Beta blockers improve survival and reduce morbidity of patients with chronic heart failure. Stringent dosing guidelines calling for a 1-hour observation period after initiation or up-titration of beta-blocker therapy might limit the use of beta blockers and increase the expense involved. This study was conducted to determine the usefulness of this observation period. Data were collected from 130 in-clinic postdosing observation periods for 34 stable chronic heart failure patients started on carvedilol. The mean left ventricular ejection fraction was 0.22±0.09, and the mean functional class was 2.5±0.6. No patient had greater than first-degree heart block. Carvedilol was started at 3.125 or 6.25 mg b.i.d., and the dose was doubled every 1-3 weeks. All patients were observed for 1-2 hours after initiation or dosage increase, and blood pressure and heart rate were measured hourly. The maximal daily dose was 50±31 mg. In none of the observation periods was there a decrease in the dose of beta blockers administered in the clinic. The predosing mean blood pressure was 110±15/71±10 mm Hg, and the mean heart rate was 78±13 bpm; the 1-hour postdosing mean blood pressure was 101±14/67±10 mm Hg (p is less than 0.001), and the heart rate was 78±13 bpm. The dose was decreased in six patients and medication was discontinued in three, all consequent to symptoms reported several days after dosage increase. Beta blockers can be safely initiated and up-titrated at home in properly selected and evaluated stable patients with chronic heart failure and severe left ventricular dysfunction resulting in mild or moderate impairment of functional capacity. (c)2001 by CHF, Inc.

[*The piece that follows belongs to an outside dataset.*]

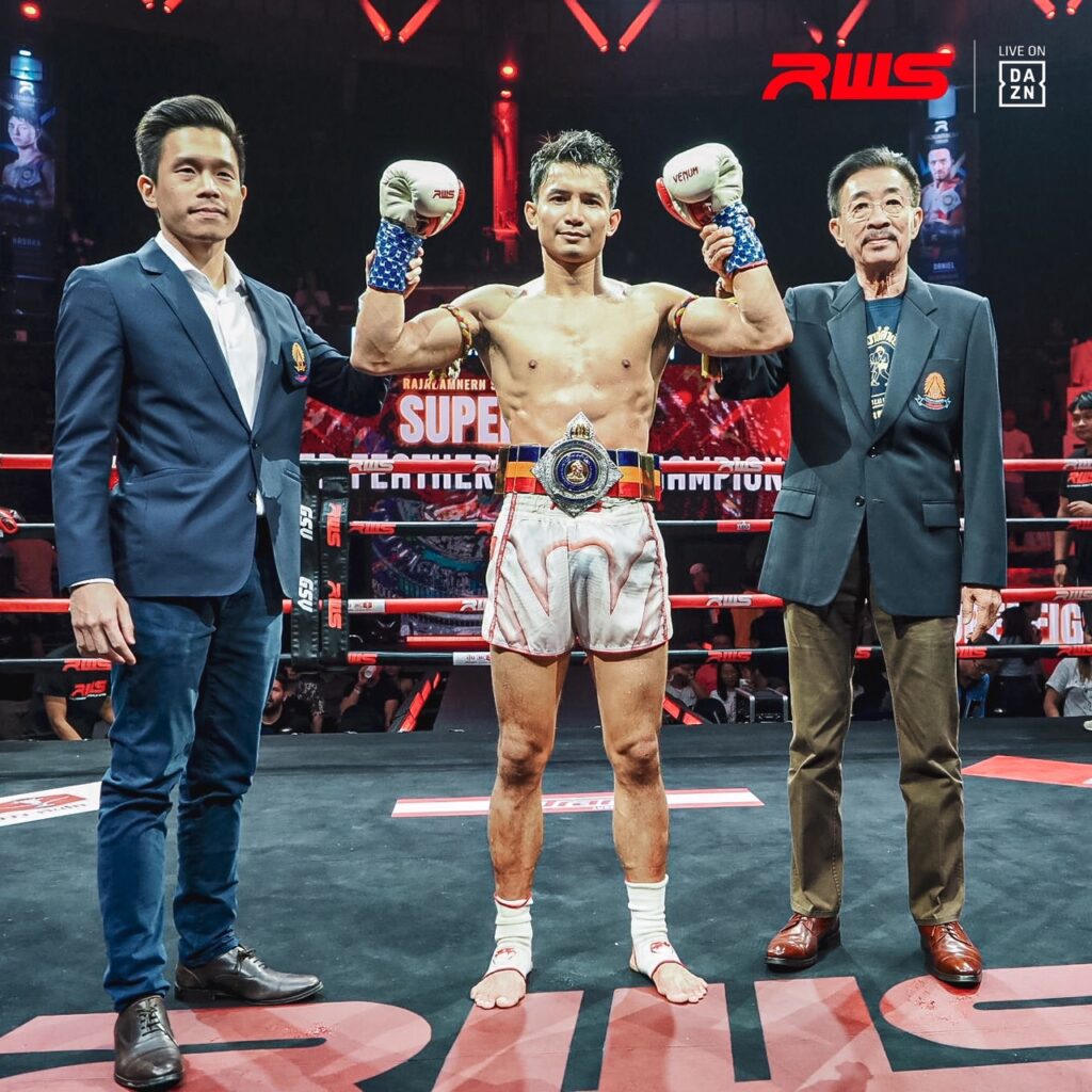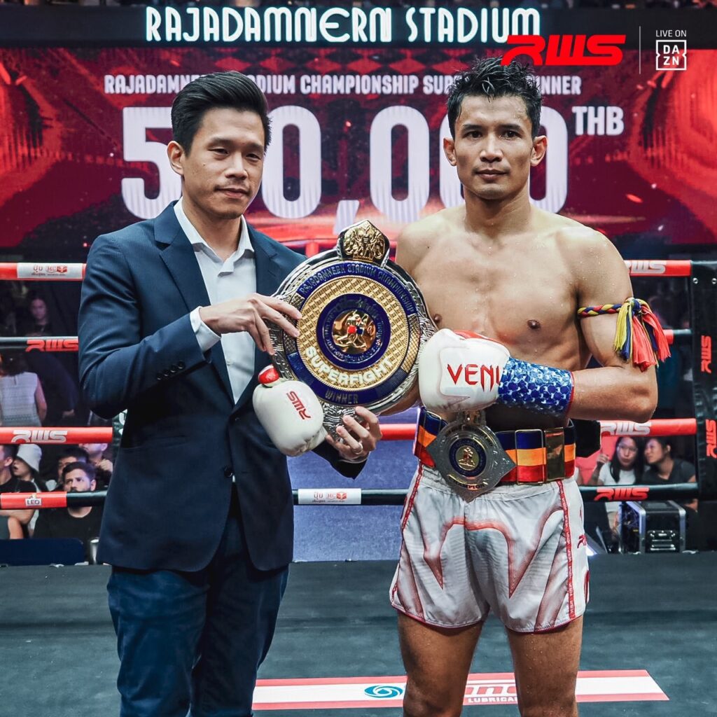 คมปฏัก อ. อัจฉริยะ ขึ้นป้องกันแชมป์รุ่นซูเปอร์เฟเธอร์เวท (130 ปอนด์) เวทีราชดำเนินกับ ฉลาม พรัญชัย ยกแรกผู้ท้าชิงทำคะแนนออกนำไปก่อนแต่ยกที่2 คมปฏัก ได้จังหวะตวัดแข้งซ้ายเข้าเต็มขมับส่งร่าง ฉลาม ร่วงฟังกรรมการนับ8 เกม 3 ยกที่เหลือเป็นฝ่าย ฉลาม ที่เดินหวดแข้งออกอาวุธโต้ตอบได้ดีกว่าเก็บคะแนน ได้ทั้งหมดครบยก ฉลาม เอาชนะคะแนนแย่งแชมป์เวทีราชดำเนินรุ่น130ปอนด์ไปครองได้สำเร็จคู่เอก“ศึกRWS RAJADAMNERN STADIUM CHAMPIONSHIP SUPERFIGHT”

Effect of heart failure program on cardiovascular drug utilization and dosage in patients with chronic heart failure.

BACKGROUND: Utilization and dosage of angiotensin-converting enzyme (ACE) inhibitors in patients with chronic heart failure (CHF) remain low. Recent data suggest that care of patients with CHF in specialized heart failure programs is associated with improved clinical outcomes. HYPOTHESIS: Specialized heart failure care is associated with better utilization and higher dose of cardiovascular drugs. METHODS: Data from 133 patients with CHF referred to a heart failure program were analyzed. Mean functional class 3.1 +/- 0.5, left ventricular ejection fraction 19 +/- 8. Utilization and doses of cardiovascular drugs were examined at initial evaluation and at last visit, after an average period of 17 +/- 14 months. Hospitalization and survival data were determined. RESULTS: Utilization of ACE inhibitors and angiotensin-receptor blockers increased from 87 to 100% (p < 0.001). Average daily dose increased by 60%, from the equivalent of captopril 105 +/- 78 mg to 167 +/- 86 mg (p < 0.001). Utilization of the following drugs increased significantly: beta blockers (16-37%, p < 0.001), metolazone (10-23%, p = 0.007), spironolactone (1-36%, p < 0.001), amiodarone (7-15%, p = 0.05), hydralazine (1-9%, p = 0.004), and nitrates (20-33%, p = 0.03). One-year survival was 90%. The 3- and 6-month hospitalization rates for heart failure were 4 and 7%, and for all cardiovascular causes they were 6 and 11%, respectively. CONCLUSIONS: Care of patients with CHF in a specialized heart failure program was associated with significant increase in the utilization and doses of all beneficial cardiovascular drugs, especially ACE inhibitors. It was also associated with excellent clinical outcomes.